A large community study in England (112,964 completers) reported objectively measurable—but generally small—deficits in global cognition after SARS-CoV-2 infection, with larger deficits among people whose symptoms had not resolved ≥12 weeks ("unresolved" persistent symptoms). Estimated standardized differences versus a no-COVID group were about −0.23 to −0.24 SD among those who had recovered (short-duration or resolved persistent symptoms) and −0.42 SD among those with unresolved persistent symptoms. The largest deficits were on memory, reasoning, and executive-function tasks; deficits were greater after infections during earlier variant periods (original/Alpha) than during later periods (e.g., Omicron), and were more pronounced among individuals who had been hospitalized (especially ICU). The longer-term persistence and clinical significance remain uncertain.

== Research into COVID-19 induced brain damage ==
Neurological complications in COVID-19 are a result of SARS-CoV-2 infection or a complication of post infection which can be due to (1) direct SARS-CoV-2 invasion on the CNS via systemic circulation or olfactory epithelium directed trans-synaptic mechanism; (2) Inflammatory mediated CNS damage due to cytokine storm and endothelitis; (3) Thrombosis mediated CNS damage due to SARS-CoV-2 interaction with host ACE2 receptor resulting in ACE2 downregulation, coagulation cascade activation, and multiple organ dysfunction; (4) Hypoxemic respiratory failures and cardiorespiratory effects due to SARS-CoV-2 invasion on brain stem.. SARS-CoV-2 could also enter the brain through retrograde transmission.

There is ongoing research about the short- and long-term damage COVID-19 may possibly cause to the brain. including in cases of 'long COVID'. For instance, a study showed how COVID-19 may cause microvascular brain pathology and endothelial cell-death, disrupting the blood–brain barrier. Another study identified neuroinflammation and an activation of adaptive and innate immune cells in the brain stem of COVID-19 patients. Brain-scans and cognitive tests of 785 UK Biobank participants (401 positive cases) suggests COVID-19 is associated with, at least temporary, changes to the brain that include:
- (greater) "reduction in grey matter thickness and tissue contrast in the orbitofrontal cortex and parahippocampal gyrus;"
- "changes in markers of tissue damage in regions that are functionally connected to the primary olfactory cortex;"
- "reduction in global brain size"
- as well as (greater) cognitive decline between the two time points of selected cognitive tests

It has been identified that anosmia present during the acute phase of illness can be a risk factor for developing brain damage. A study revealed that patients recovering from COVID-19 who experienced anosmia during the acute episode exhibited impulsive decision-making, functional brain alterations, cortical thinning, and changes in white matter integrity.

A study indicates that SARS-CoV-2 builds tunneling nanotubes from nose cells to gain access to the brain.

== Ethnoracial Disparities in Cognitive Effects of Long COVID ==
An April 2023 study published in Journal of the National Medical Association performed a quantitative secondary analysis on data collected from the Household Pulse Survey (HHPS) between June and October 2022. 108,000 responses were sampled weekly and were representative with respect to geographic location, race, and gender.

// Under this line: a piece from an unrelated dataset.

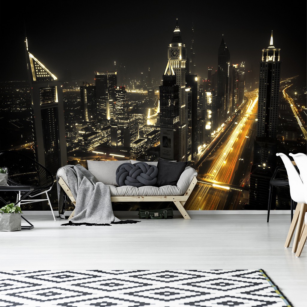 Флізелінові фотошпалери Вулиця Метрополіс 254x184 см Місто убаї вночі (12993V4)+клей

A logistic regression analysis was conducted on responses to Phase 3.6 which includes questions on long COVID symptoms, vaccinations, and demographic characteristics. The study found that racial disparities in long COVID prevalence mirror those seen in acute COVID-19. In particular, Blacks and Hispanics were significantly more likely to report long COVID than Whites. Additionally, females also showed a higher likelihood of long COVID compared to males. The study indicated that disparities existed beyond racial and ethnic lines. Individuals with private health insurance and those vaccinated were less likely to report long COVID. Factors such as socioeconomic status, healthcare access, and occupational exposure are critical in understanding these disparities, as they can influence both the likelihood of contracting COVID-19 and the severity of its long-term effects. Overall, an understanding of the social determinants of health is needed to comprehensively address cognitive effects of Long COVID.